• PROBLEM DETAILS
Only some lines are wanted. Transcribe, exactly, the lines below from the line with "便利な裁縫セット: レザーク" up to and including the line with "依據《云南省商品房銷售明碼標".

• EXERCISE MATERIALS
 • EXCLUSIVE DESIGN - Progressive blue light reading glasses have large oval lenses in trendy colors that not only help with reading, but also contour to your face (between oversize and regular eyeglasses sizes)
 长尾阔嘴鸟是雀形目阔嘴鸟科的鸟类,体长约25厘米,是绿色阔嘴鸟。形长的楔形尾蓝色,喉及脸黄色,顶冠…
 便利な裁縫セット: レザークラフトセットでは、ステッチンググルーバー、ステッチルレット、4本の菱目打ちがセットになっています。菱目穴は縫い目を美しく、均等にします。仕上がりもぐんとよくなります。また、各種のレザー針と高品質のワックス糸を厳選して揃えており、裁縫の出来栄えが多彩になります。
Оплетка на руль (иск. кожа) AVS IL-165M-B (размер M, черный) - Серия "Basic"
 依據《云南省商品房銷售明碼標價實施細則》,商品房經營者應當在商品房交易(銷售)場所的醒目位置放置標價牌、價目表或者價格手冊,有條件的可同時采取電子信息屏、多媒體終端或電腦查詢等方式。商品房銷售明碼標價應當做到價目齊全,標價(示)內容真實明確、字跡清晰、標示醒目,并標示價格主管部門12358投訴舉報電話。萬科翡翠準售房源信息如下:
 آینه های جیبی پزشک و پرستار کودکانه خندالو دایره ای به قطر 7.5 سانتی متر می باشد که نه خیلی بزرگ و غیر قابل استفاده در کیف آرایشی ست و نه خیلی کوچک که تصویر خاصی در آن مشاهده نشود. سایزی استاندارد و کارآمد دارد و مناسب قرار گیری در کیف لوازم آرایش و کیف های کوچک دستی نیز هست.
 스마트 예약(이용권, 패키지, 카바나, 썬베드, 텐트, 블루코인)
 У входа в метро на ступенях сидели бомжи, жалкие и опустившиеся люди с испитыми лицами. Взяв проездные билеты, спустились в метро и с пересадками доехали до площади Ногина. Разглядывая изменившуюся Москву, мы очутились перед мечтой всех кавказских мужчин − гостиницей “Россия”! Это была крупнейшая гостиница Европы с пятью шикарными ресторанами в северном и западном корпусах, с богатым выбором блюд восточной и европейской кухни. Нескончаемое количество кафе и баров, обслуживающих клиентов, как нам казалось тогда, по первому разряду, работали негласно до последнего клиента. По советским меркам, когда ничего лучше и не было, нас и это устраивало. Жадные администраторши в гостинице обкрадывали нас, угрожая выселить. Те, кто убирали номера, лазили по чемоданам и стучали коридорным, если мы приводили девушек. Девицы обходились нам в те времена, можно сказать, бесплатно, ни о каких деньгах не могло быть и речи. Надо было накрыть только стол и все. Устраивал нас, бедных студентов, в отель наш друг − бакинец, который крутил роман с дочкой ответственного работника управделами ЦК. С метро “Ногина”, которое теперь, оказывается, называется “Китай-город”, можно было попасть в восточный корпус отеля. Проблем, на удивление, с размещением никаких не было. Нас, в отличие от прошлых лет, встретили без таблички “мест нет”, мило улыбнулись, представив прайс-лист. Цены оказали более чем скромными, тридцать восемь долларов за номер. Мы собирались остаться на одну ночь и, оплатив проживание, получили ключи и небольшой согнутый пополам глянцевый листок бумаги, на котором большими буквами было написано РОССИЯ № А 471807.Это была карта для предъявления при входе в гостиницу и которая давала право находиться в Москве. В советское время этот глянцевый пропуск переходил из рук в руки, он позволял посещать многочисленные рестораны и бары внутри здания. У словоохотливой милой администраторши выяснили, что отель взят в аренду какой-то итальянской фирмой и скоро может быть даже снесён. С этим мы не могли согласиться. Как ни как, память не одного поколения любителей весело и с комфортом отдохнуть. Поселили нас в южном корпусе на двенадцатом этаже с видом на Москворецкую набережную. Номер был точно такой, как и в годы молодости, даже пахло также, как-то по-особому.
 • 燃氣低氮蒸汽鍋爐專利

• OUTPUT FOR THIS EXERCISE
 便利な裁縫セット: レザークラフトセットでは、ステッチンググルーバー、ステッチルレット、4本の菱目打ちがセットになっています。菱目穴は縫い目を美しく、均等にします。仕上がりもぐんとよくなります。また、各種のレザー針と高品質のワックス糸を厳選して揃えており、裁縫の出来栄えが多彩になります。
Оплетка на руль (иск. кожа) AVS IL-165M-B (размер M, черный) - Серия "Basic"
 依據《云南省商品房銷售明碼標價實施細則》,商品房經營者應當在商品房交易(銷售)場所的醒目位置放置標價牌、價目表或者價格手冊,有條件的可同時采取電子信息屏、多媒體終端或電腦查詢等方式。商品房銷售明碼標價應當做到價目齊全,標價(示)內容真實明確、字跡清晰、標示醒目,并標示價格主管部門12358投訴舉報電話。萬科翡翠準售房源信息如下:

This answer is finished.